## To do
All of the data should be repeated exactly; pictures are not part of the copy.

## Data excerpt
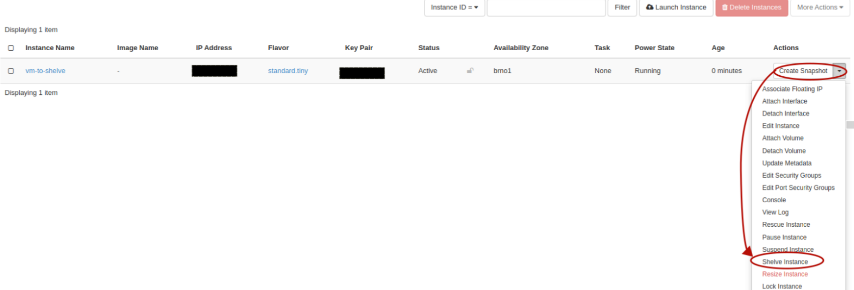 Go into your instance list, located at the left menu bar on the path Project>Compute>Instances. Then you select the Actions menu located on the right side of the listed instances. After that, choose the running instance to shelve and select from the Actions menu the option Shelve Instance and click it.
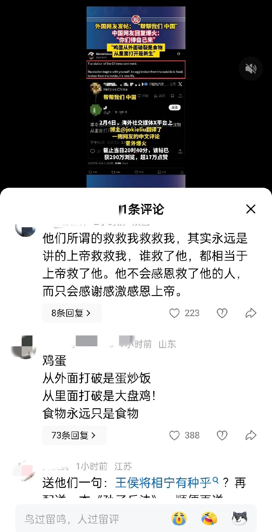 外国网友发帖:“帮帮我们,中国”,中国 网友回复爆火:“你们得自己来”,“鸡蛋 从外面破裂是食物,从里面打开是新生” 中国网友的回怼,直接戳中爽点 就两句回复,直接火遍全网,嘴角压都压不住! 一句“你们得自己来”,一句“鸡蛋从外破是食物,从内破是新生”。 (我看完直接拍大腿,比抢着年货大礼包还开心) 这话真的说到心坎里了,啥事儿都得靠自己。 外人再帮,也扶不起只想躺平的烂泥,这理儿万年不变。 (就像咱过日子,指望别人接济,不如自己撸起袖子干) 这事儿放咱身边,简直是一模一样 咱小区就有那户人家,纯纯的伸手党,啥事儿都找邻居。 水管漏了喊老王,灯泡坏了喊李姐,连买个菜都想让人捎带。 (关键是还不领情,觉得别人帮他是应该的,气人不)
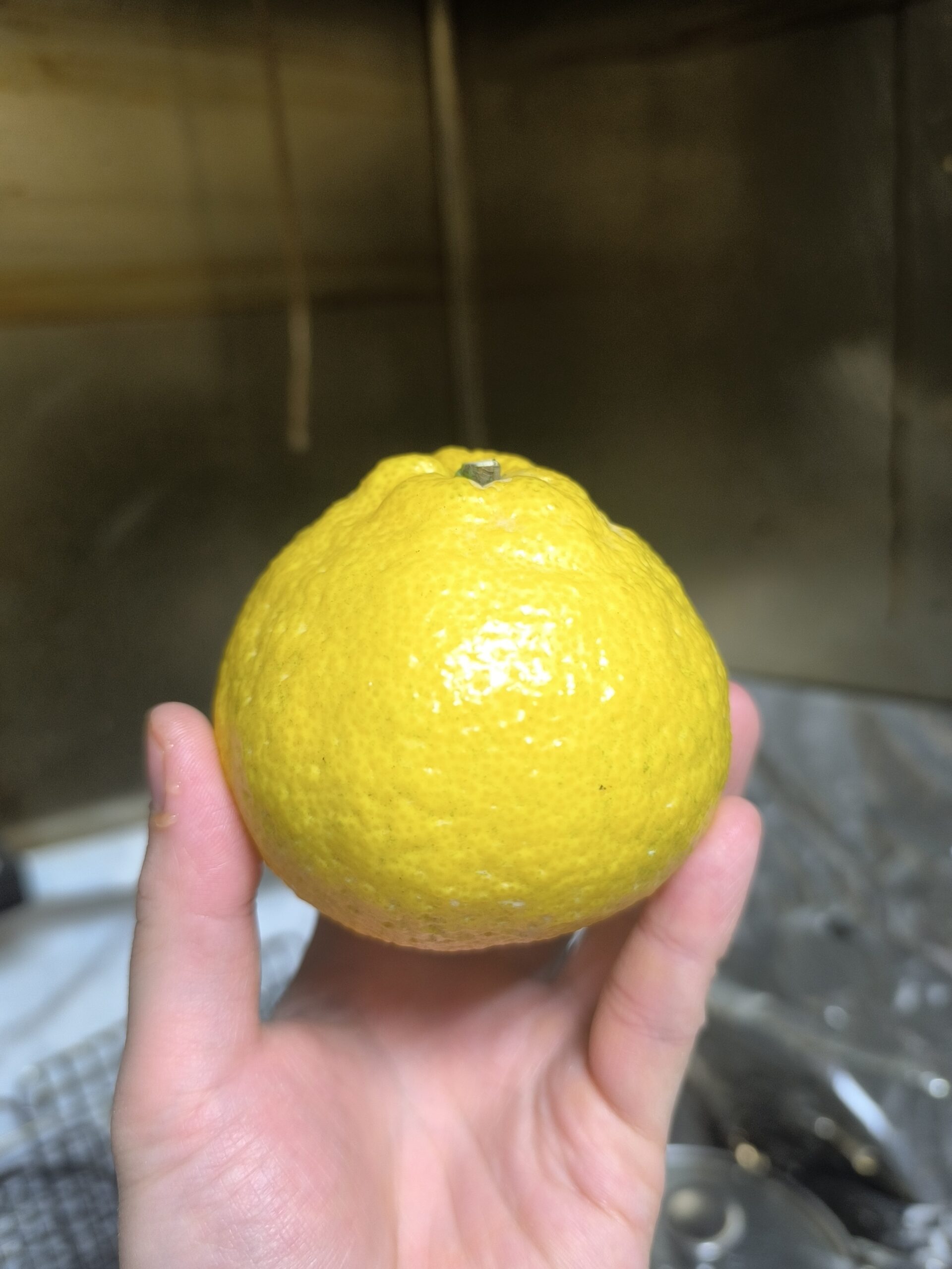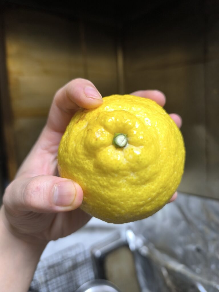 デコポンみたいなデコがあり黄色い果皮が眩しい。日向夏由来の美しい黄色に夏橙のようなゴワゴワした質感の分厚い果皮があり、中々輸送に強そう。

## Solution
 Go into your instance list, located at the left menu bar on the path Project>Compute>Instances. Then you select the Actions menu located on the right side of the listed instances. After that, choose the running instance to shelve and select from the Actions menu the option Shelve Instance and click it.
 外国网友发帖:“帮帮我们,中国”,中国 网友回复爆火:“你们得自己来”,“鸡蛋 从外面破裂是食物,从里面打开是新生” 中国网友的回怼,直接戳中爽点 就两句回复,直接火遍全网,嘴角压都压不住! 一句“你们得自己来”,一句“鸡蛋从外破是食物,从内破是新生”。 (我看完直接拍大腿,比抢着年货大礼包还开心) 这话真的说到心坎里了,啥事儿都得靠自己。 外人再帮,也扶不起只想躺平的烂泥,这理儿万年不变。 (就像咱过日子,指望别人接济,不如自己撸起袖子干) 这事儿放咱身边,简直是一模一样 咱小区就有那户人家,纯纯的伸手党,啥事儿都找邻居。 水管漏了喊老王,灯泡坏了喊李姐,连买个菜都想让人捎带。 (关键是还不领情,觉得别人帮他是应该的,气人不)
 デコポンみたいなデコがあり黄色い果皮が眩しい。日向夏由来の美しい黄色に夏橙のようなゴワゴワした質感の分厚い果皮があり、中々輸送に強そう。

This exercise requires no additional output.